Mozambique and Tanzania share over an 800 km border however, no roads crossed the Ruvuma River into Mozambique. The Government of Tanzania did begin operating a ferry at Namoto, however in 2005 both countries agreed to build a bridge to facilitate cross border trade. The bridge was inaugurated in 2010. However, due to poor road infrastructure on the Mozambique side, cross border trade has been slow.

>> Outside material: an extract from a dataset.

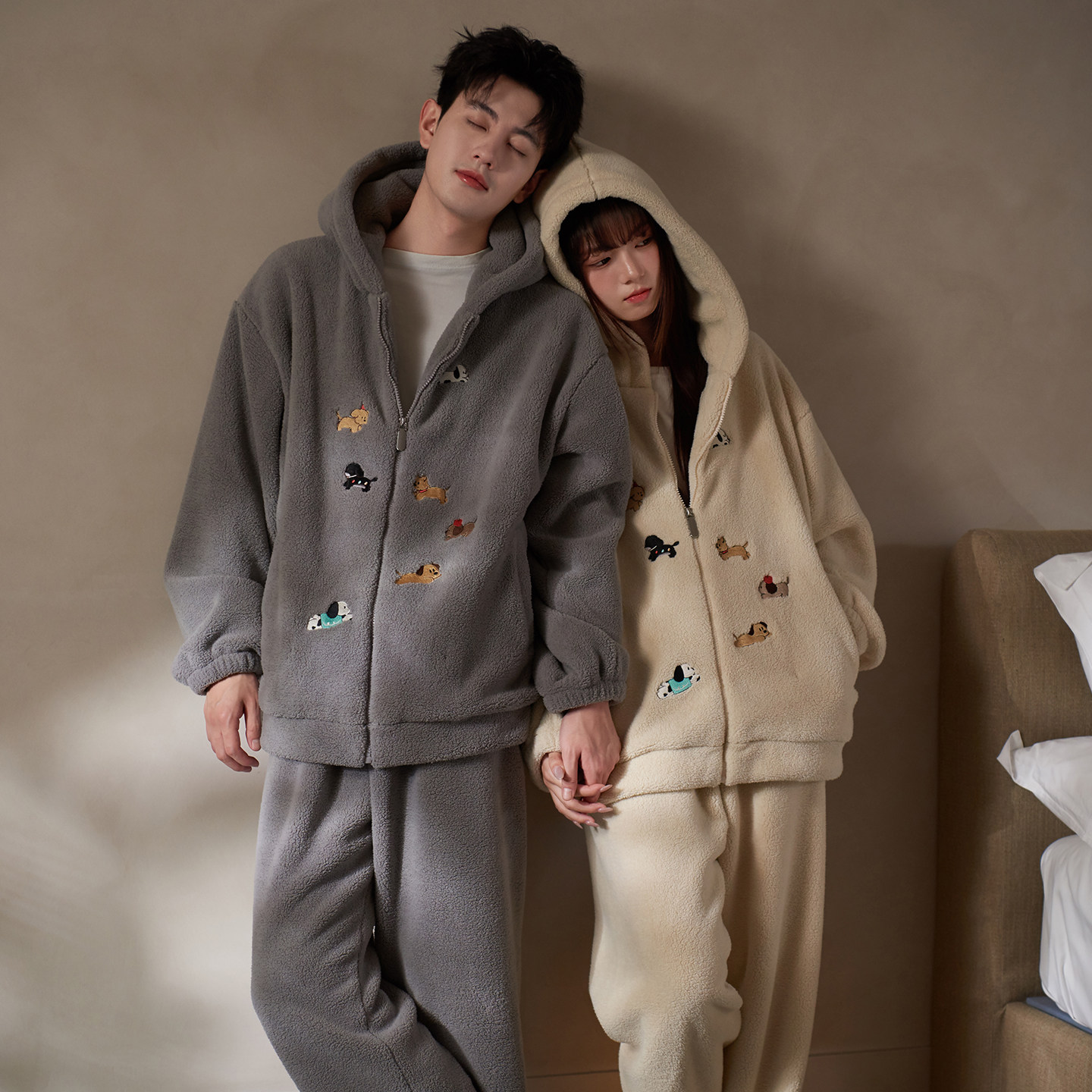 马克公主情侣连帽拉链睡衣女冬季可爱韩系羊羔绒加厚出门家居服男

==== Mtwara Development Corridor ====
With the increase of economic operations in the south of Tanzania, the Mtwara Development Corridor project would help develop the border region of Tanzania and Mozambique and consequently increase commerce between the two nations.

=== Natural gas ===

Both Tanzania and Mozambique have found large reserves of Gas around the border regions and has created a race for the exploration of the mineral. Both countries are trying to secure contracts to become the largest LNG supplier in Africa. Though there is a race, both countries are still sharing skills to produce better legislation.

== Diplomatic missions ==
Mozambique maintains a high commission in Dar es Salaam. Tanzania maintains a high commission in Maputo

== State visits ==
- 18 May 2015 - President of Mozambique Filipe Nyusi made a three-day state visit to Tanzania to address Mozambican population in the country and improve bilateral relations.
- 21 September 2022 - President of Tanzania Samia Suluhu Hassan made a three-day state visit to Mozambique.